Scorers: Tottenham Hotspur - Sigurdsson 19; Chelsea - Terry 65

Gylfi Sigurdsson’s first-half opener was cancelled out when John Terry headed in Juan Mata’s free-kick.

But Chelsea were left holding on for a 1-1 draw after Torres received a second yellow card with ten minutes remaining following an innocuous aerial collision with Jan Vertonghen. Asked if the result was fair, Mourinho said: “I don’t think it was. I think they were better in the first half but not much better, they didn’t create so many chances.

“In the second half, there was only one team. The team was very, very strong until the moment the referee made a mistake, a big mistake that had a big influence on the result. The referee is not guilty, the player [Vertonghen] is guilty – he pretended that Fernando had a big contact on him and the referee went on trust.

“At that moment we were much better, they were in big trouble. We were winning everything in midfield and going in waves of attack. It leaves a bad taste because we should win.”

Opposite number Andre Villas-Boas said of Torres’ dismissal: “It was a difficult decision for the referee, both players were going for the ball and he decided Fernando was over the top.”

Christian Eriksen started the move which led to Spurs’ goal, playing a flat ball across the box to Roberto Soldado, who nudged the ball into Sigurdsson’s path.

Sigurdsson, so often Spurs’ unsung hero, still had lots to do. He was off balance after taking an extra stride to beat Terry’s outstretched leg, but he somehow managed to roll the ball into the net to the right of goalkeeper Petr Cech.

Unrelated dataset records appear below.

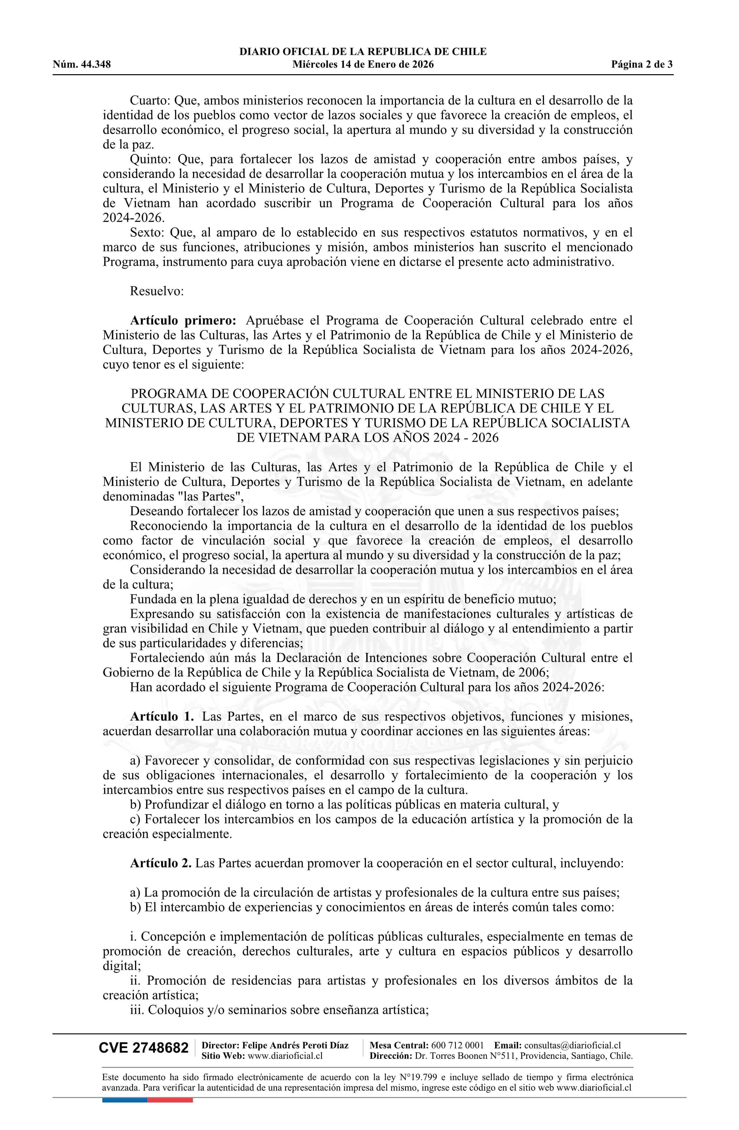 | Título: | Resolución exenta número 28, de 2025.- Aprueba Programa de Cooperación Cultural entre el Ministerio de las Culturas, las Artes y el Patrimonio de la República de Chile y el Ministerio de Cultura, Deportes y Turismo de la República Socialista de Vietnam para los Años 2024-2026 |
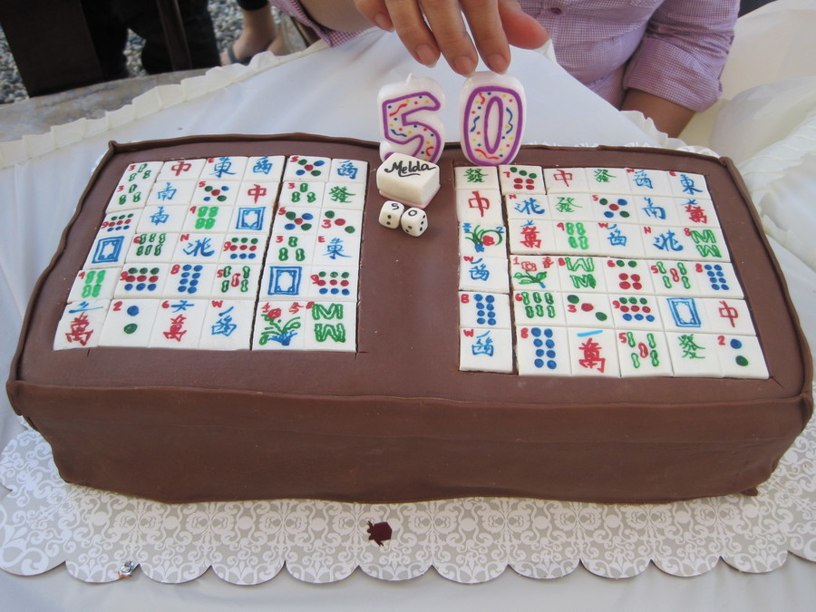 Chocolate Fondant w/ chocolate buttercream filling. Family put the "50" candle so she had something to blow out :)
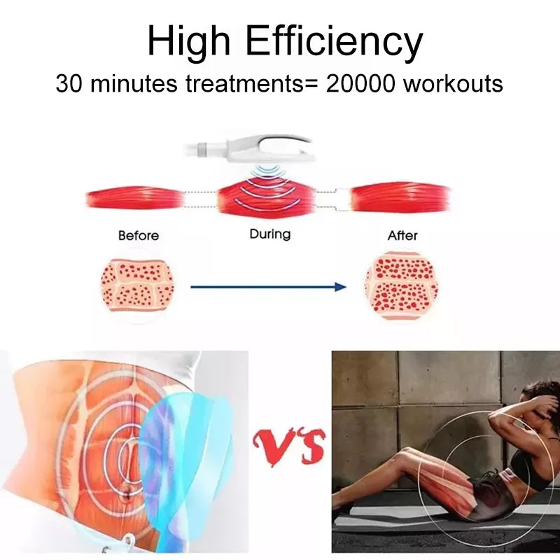 1. Good result —30 minutes treatment= 20000 workouts, increase 16% muscle and reduce
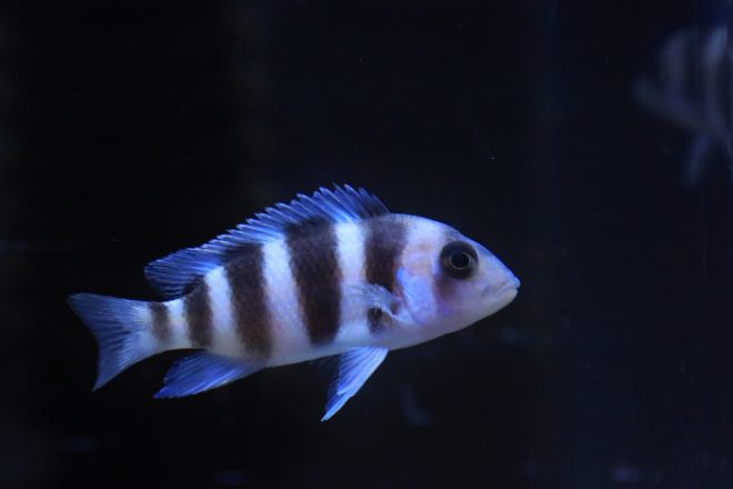 プセウドトロフェウス ゼブラ マイソニー リーフ(ワイルド)。アフリカ・マラウィ湖で最も種類が多いのですが、縄張り意識が強く混泳には注意が必要です。

Paulinho almost gave Spurs a second when he hit the woodwork just before half-time. That was Mourinho’s cue to leave. He walked down the tunnel a minute before the half-time whistle. He had seen enough. Whatever Mourinho said to his team at the interval, it had an effect.

After a strong start to the half, Juan Mata put a high swirling ball into the box from a free-kick, Vertonghen lost Terry for a second and the Chelsea skipper headed beyond Hugo Lloris.

Reflecting on his team’s performance, Villas-Boas – Mourinho’s former assistant – said: “It was a good game in general and I’m extremely happy with the performance. Our second half wasn’t as good as we wanted and Chelsea did well to score from the set-play. With their pressing we lost fluidity and they did well to come back in the game.”

The fractured relationship between the two Portuguese managers had dominated the build-up to the game but Mourinho said: “Between men – not children – this is not public. It is between us.

“What you want and the people want, we gave, which is a very good football match.”

Villas-Boas and Mourinho shared a handshake at the end while Terry, pictured inset, celebrated in front of his own fans.